Ce projet de loi vise à moderniser ce que l’on a coutume d’appeler le « 1 % logement », c’est-à-dire l’obligation pour les entreprises, depuis 1963, de participer aux dépenses consacrées au logement de leurs salariés. C’est ce que l’on appelle la PEEC, c’est-à-dire la participation des employeurs à l’effort de construction. Il s’agit d’un élément majeur de la politique du logement en France, une forme de solidarité indispensable pour réduire la pénurie de logement et le mal-logement.
La somme totale pour les entreprises qui choisissent de verser leur dû à un collecteur agrée s’élève à 4 milliards d’euros – ce sont les ressources d’Action logement pour l’année 2015. Toutefois, en dépit d’un effort significatif de simplification et de rationalisation, commencé en 2009, l’organisation et l’efficience d’Action logement sont régulièrement critiquées.
La loi ALUR de mars 2014 a amplifié le phénomène de réorganisation, mais la structure reste perfectible ; il devenait nécessaire de l’améliorer pour optimiser l’utilisation des ressources et pour assurer les engagements figurant dans la convention quinquennale prévue par la loi ALUR. Ainsi, au début du mois d’avril 2015, un travail de concertation utile et fécond a commencé entre la ministre du logement, qui était alors Sylvia Pinel, les parlementaires spécialistes de ces questions et les partenaires sociaux, pour réformer plus efficacement le réseau collectant et distribuant la participation des entreprises.
Après plusieurs mois d’un travail constructif, une belle réforme a abouti grâce à la bonne volonté et à l’habileté de la ministre et des partenaires sociaux.
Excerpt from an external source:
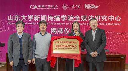 山东大学新闻传播学院全媒体研究中心正式揭牌 12月26日上午,由中国广告协会、山东大学新闻传播学院、新之航传媒集团强强联合成立的大数据研发基地——山东大学新闻传播学院全媒体研究中心揭牌仪式在山东大学举行。中国广告协会副秘书长、《现代广告》杂志社社长赵华,山东大学新闻传播学院党委书记王德胜教授,新之航传媒集团董事长鞠航,山东大学广告研究中心主任、新闻传播学院臧丽娜教授共同为全媒体研究中心揭牌,并分别致辞。山东大学新闻传播学院党委书记王德胜教授...

Cette réforme urgente était attendue depuis longtemps. Dans ses grandes lignes, elle sera traduite dans la loi au moyen du présent projet de loi d’habilitation. Nous avions d’ailleurs déjà adopté ces dispositions habilitant le Gouvernement à légiférer par ordonnances, dans le cadre de la loi relative au dialogue social et à l’emploi, dite « loi Rebsamen », mais le Conseil constitutionnel avait censuré cette habilitation au motif qu’il s’agissait d’un cavalier législatif.
Nous ne cachons pas que l’accroissement récent du recours aux ordonnances, qui est parfois presque systématique, peut être embarrassant. Prosper Weil, professeur de droit public, critiquait légitimement l’abus de cette procédure qui prolonge la pratique tant décriée des décrets-lois des IIIe et IVe Républiques. En 2004, il nuançait son propos, et considérait que le contenu, le périmètre et le nombre des ordonnances avaient tendance à se réduire comme peau de chagrin.
Pourtant, depuis 2004, un mouvement inverse a eu lieu. En quinze ans, on compte plus de 300 ordonnances, soit plus de deux fois le nombre d’ordonnances recensées au cours des vingt années précédentes, de 1984 à 2003. La nécessité d’agir vite, la complexification de nos sociétés occidentales et surtout l’encombrement de l’agenda parlementaire : il existe de bonnes raisons pour expliquer cette inflation.
Le débat d’aujourd’hui nous donne l’occasion de répéter que les députés du groupe RRDP tiennent au renforcement de la concertation avec le Parlement, en amont comme en aval de l’examen du texte. Nous sommes très attachés à la légitimité de la représentation nationale ; nous soutenons l’idée d’une amélioration du suivi de l’habilitation avec une information régulière de l’état d’avancement des travaux du Gouvernement.
Madame la ministre, ce projet de loi est le premier que vous défendez dans notre hémicycle. À cette occasion, permettez-moi, au nom des députés du groupe RRDP, de vous féliciter pour votre nomination au Gouvernement.